The U.S. Federal Reserve (Fed) Board on Tuesday proposed new rules to protect consumers who use credit cards from a number of potentially costly practices.
"This proposal is another step forward in the Federal Reserve's efforts to ensure that consumers who rely on credit cards are treated fairly," said Federal Reserve Governor Elizabeth A. Duke. "The rule bans several harmful practices and requires greater transparency in the disclosure of the terms and conditions of credit card accounts."
The proposal, issued for public comment, represents part of the Fed's implementation of the Credit Card Act, which was signed into law by President Barack Obama in May.
Among other things, the proposed rule would protect consumers from unexpected increases in credit card interest rates by generally prohibiting increases in a rate during the first year after an account is opened and increases in a rate that applies to an existing credit card balance.
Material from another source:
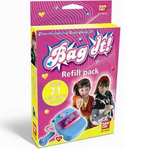 Make your own cool swinging charmsMake 21 more charms with this refill pack designed for use with the Bag It charm maker. Age 6

It will prohibit creditors from issuing a credit card to a consumer who is under the age of 21 unless the consumer has the ability to make the required payments or obtains the signature of a parent or other cosigner with the ability to do so.
The proposal will require creditors to obtain a consumer's consent before charging fees for transactions that exceed the credit limit. It limits the high fees associated with subprime credit cards.
The new rules will also ban creditors from using the "two-cycle" billing method to impose interest charges and prohibit creditors from allocating payments in ways that maximize interest charges.